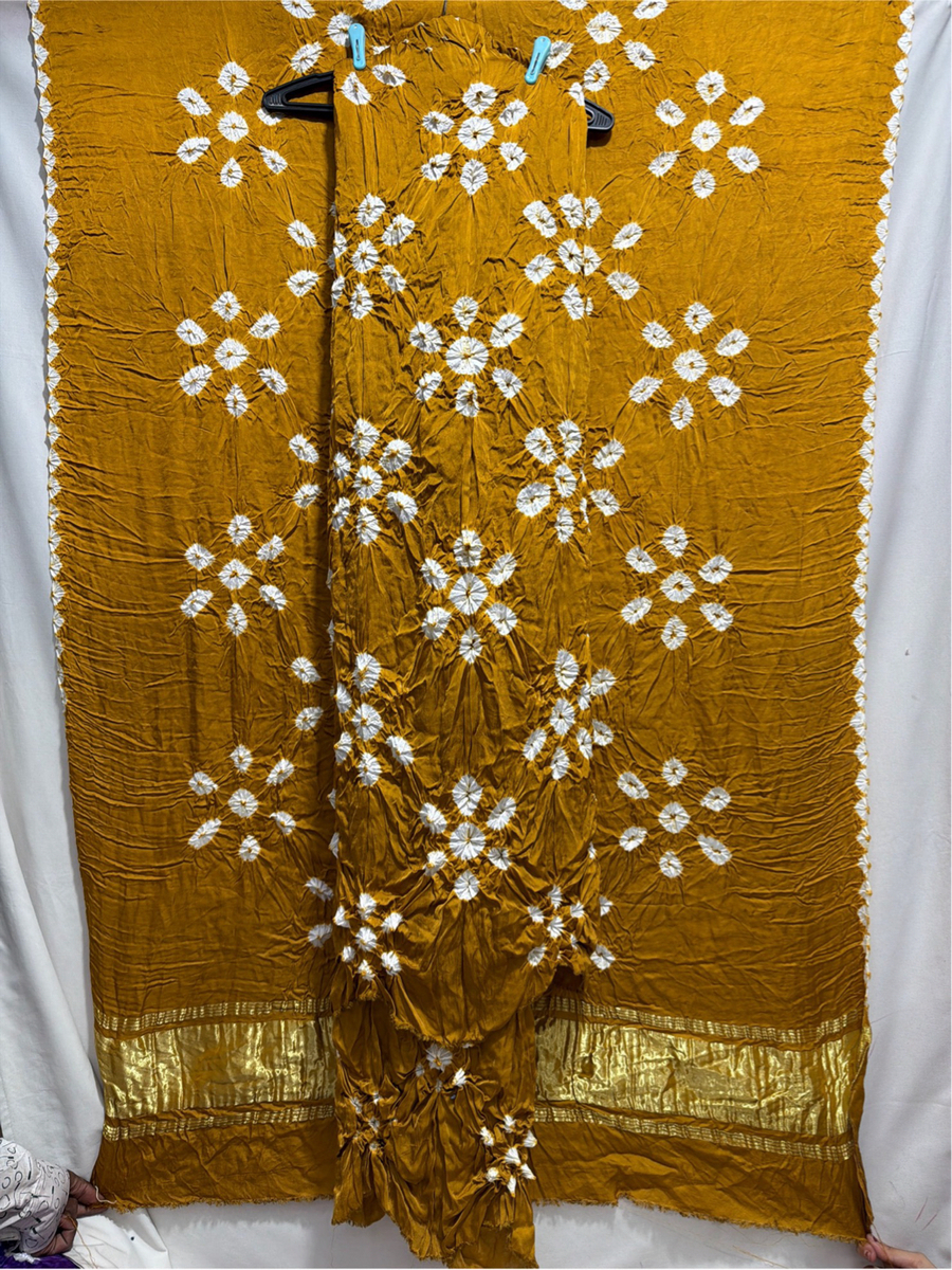 Kala Sanskruti Rust & White Color Art Silk Bandhani Dress 2.5 M Each Piece Elegant Traditional Wear Art Silk Dress for Women
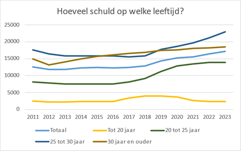 Begin 2023 hadden ruim 1,6 miljoen mensen een studieschuld. Sinds de invoering van het leenstelsel in 2015 is de gemiddelde schuld met 4.700 euro toegenomen tot 17,1 duizend euro.
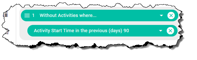 You can change an associated filter so that it excludes data in the report that matches the filter criteria by clicking on the associated filter name in the filters list in the Details tab, and selecting the WITHOUT option in the Configure Filters dialog. For example, the following associated filter for a Contacts report will exclude contacts that have associated activities that start in the last 90 days:
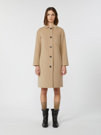 DETAILS Straight-fit long single-breasted coat. Coat in hand-sewn double-faced pure wool broadcloth Shirt collar Long set-in sleeves Visible button fastening on the front Vertical-welt pockets on the sides Central rear slit COMPOSITION AND CARE Fabric 100% virgin wool; - except joining thread; lining 52% polyester, 48% viscose. Do not wash; do not bleach; do not tumble dry; cool iron; professionally dry clean perchloroethylene - mild process; do not wet clean. Distributed by Max Mara S.r.l., registered office in Reggio Emilia (Italy), Via Giulia Maramotti 4, 42124 (IT)
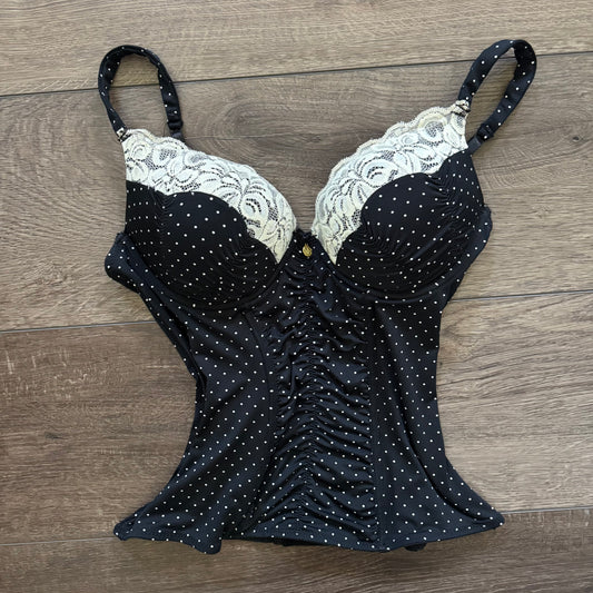navy blue & white polka dot lace trim corset top
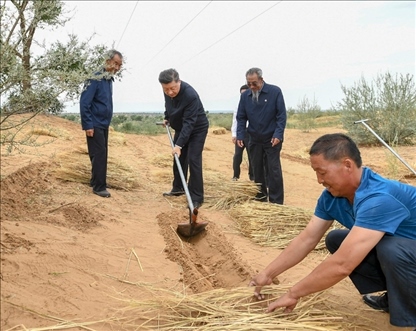 △2019年8月21日,正在甘肅考察的習(xí)近平總書記來(lái)到古浪縣八步沙林場(chǎng)??疾熘?,他拿起一把開溝犁,參與到治沙勞動(dòng)中。
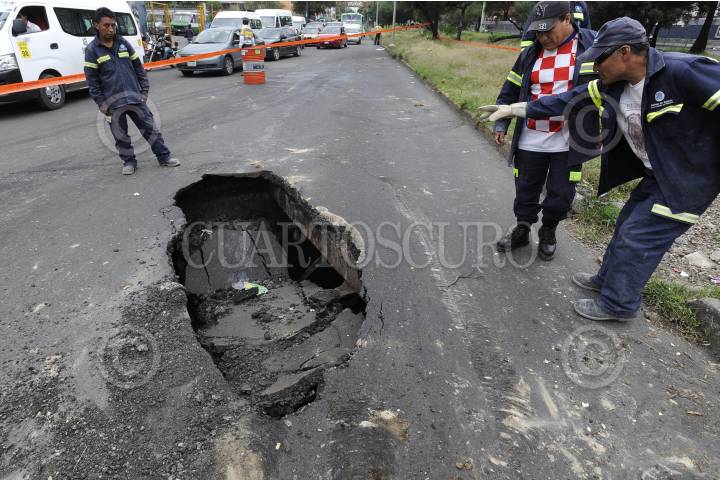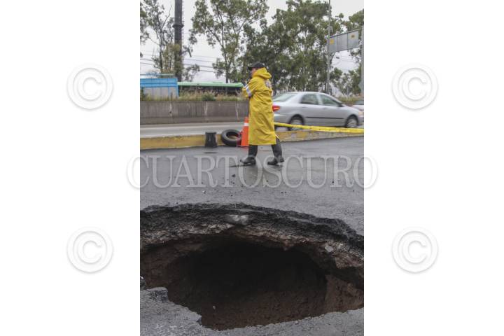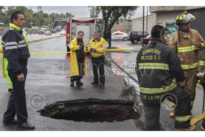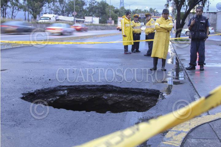 MÉXICO, D.F., 09SEPTIEMBRE2014.- Bomberos de la Ciudad de México y personal de Protección Civil acordonaron un boquete que se abrió sobre la carretera federal México-Toluca a la altura del kilómetro 14 en la delegación Cuajimalapa. FOTO: SAÚL LÓPEZ /CUARTOSCURO.COM
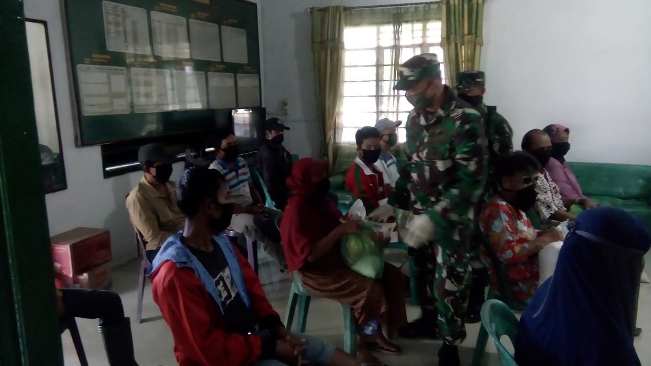 “Seperti yang saat ini dilakukan Babinsa 07/PB Serka Fauzan Munir memberikan bantuan paket sembako berupa beras, mie instan, gula dan minyak goreng kepada sejumlah warga,” terangnya.
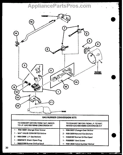 Parts for Amana LG2412/P7762218W: Gas Burner Conversion Kits (Lg1112 / P7762216w) (Lg2412 / P7762218w) (Lg2512 / P7762220w) Parts
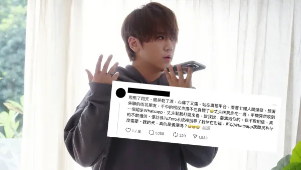 日前,有一位宏福苑居民兼姜濤粉絲在threads平台上,憶述自己因火災連日煎熬、身心受創時,突然收到一個陌生WhatsApp訊息,對方自稱是姜濤給她的。她起初不相信,但對方稱透過品牌To Zero的粉絲資料系統,核實了她居住在宏福苑的身份,並詢問她有什麼需要。
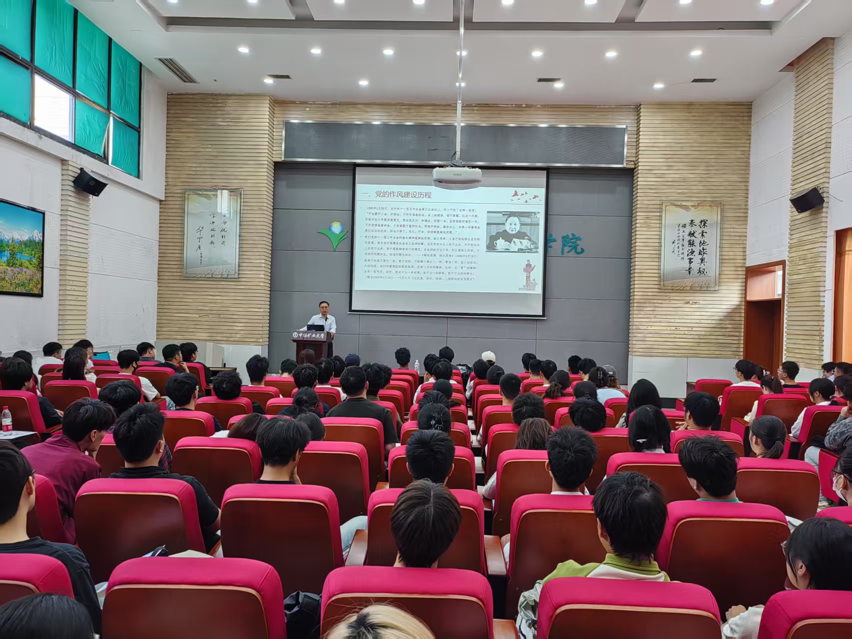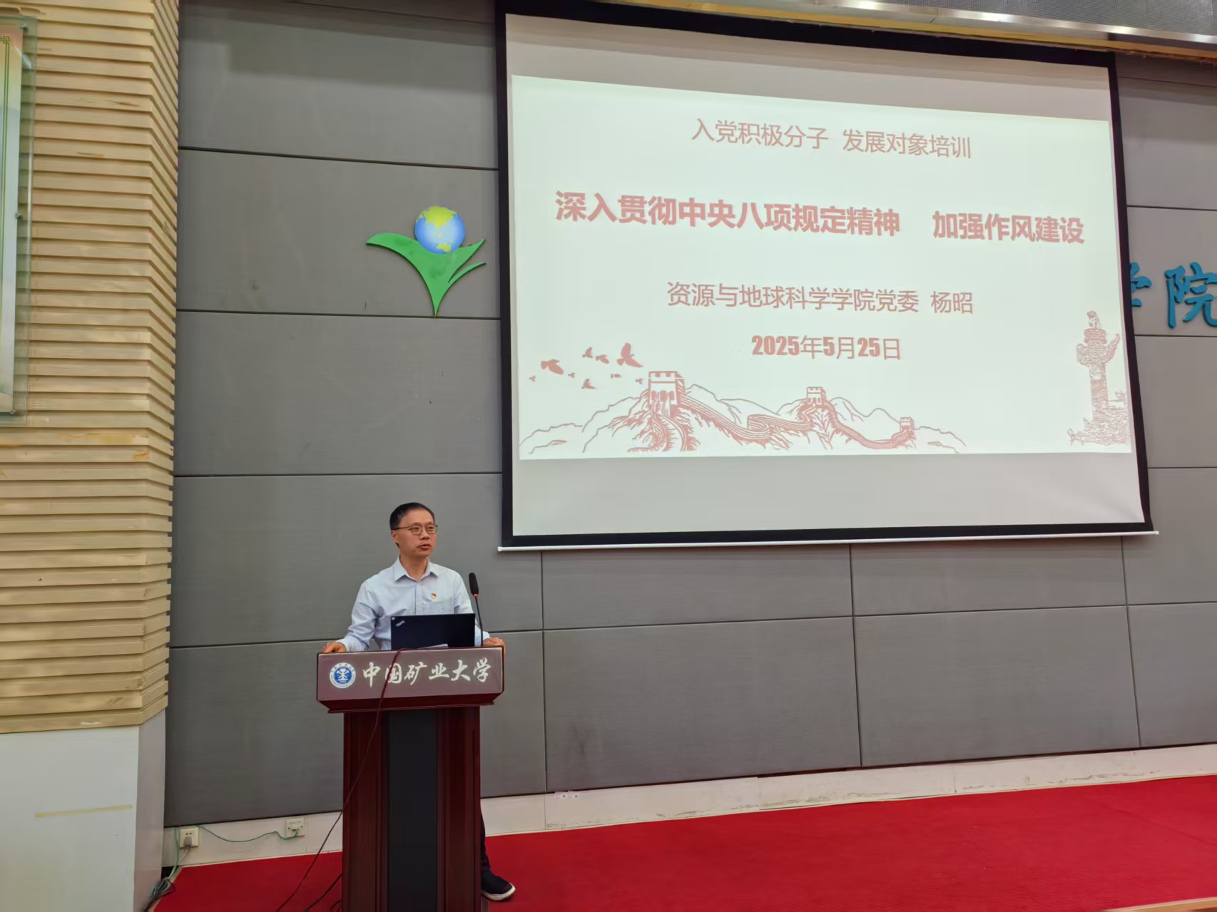 5月25日上午,学院在资源楼C402报告厅举办第67期入党积极分子、发展对象培训班线下党课,学院党委副书记杨昭围绕“深入贯彻中央八项规定精神 加强作风建设”主题讲授党课,130余名入党积极分子、发展对象参加党课。

★ ★ ★ ★

* _Problem requirements_:
The line with "MÉXICO, D.F., 09SEPTIEMBRE2014.- Bomberos" ends the range, and the first line of the data begins it; repeat exactly those lines and nothing more, omitting pictures.

* _Your solution_:
 Kala Sanskruti Rust & White Color Art Silk Bandhani Dress 2.5 M Each Piece Elegant Traditional Wear Art Silk Dress for Women
 Begin 2023 hadden ruim 1,6 miljoen mensen een studieschuld. Sinds de invoering van het leenstelsel in 2015 is de gemiddelde schuld met 4.700 euro toegenomen tot 17,1 duizend euro.
 You can change an associated filter so that it excludes data in the report that matches the filter criteria by clicking on the associated filter name in the filters list in the Details tab, and selecting the WITHOUT option in the Configure Filters dialog. For example, the following associated filter for a Contacts report will exclude contacts that have associated activities that start in the last 90 days:
 DETAILS Straight-fit long single-breasted coat. Coat in hand-sewn double-faced pure wool broadcloth Shirt collar Long set-in sleeves Visible button fastening on the front Vertical-welt pockets on the sides Central rear slit COMPOSITION AND CARE Fabric 100% virgin wool; - except joining thread; lining 52% polyester, 48% viscose. Do not wash; do not bleach; do not tumble dry; cool iron; professionally dry clean perchloroethylene - mild process; do not wet clean. Distributed by Max Mara S.r.l., registered office in Reggio Emilia (Italy), Via Giulia Maramotti 4, 42124 (IT)
navy blue & white polka dot lace trim corset top
 △2019年8月21日,正在甘肅考察的習(xí)近平總書記來(lái)到古浪縣八步沙林場(chǎng)??疾熘?,他拿起一把開溝犁,參與到治沙勞動(dòng)中。
 MÉXICO, D.F., 09SEPTIEMBRE2014.- Bomberos de la Ciudad de México y personal de Protección Civil acordonaron un boquete que se abrió sobre la carretera federal México-Toluca a la altura del kilómetro 14 en la delegación Cuajimalapa. FOTO: SAÚL LÓPEZ /CUARTOSCURO.COM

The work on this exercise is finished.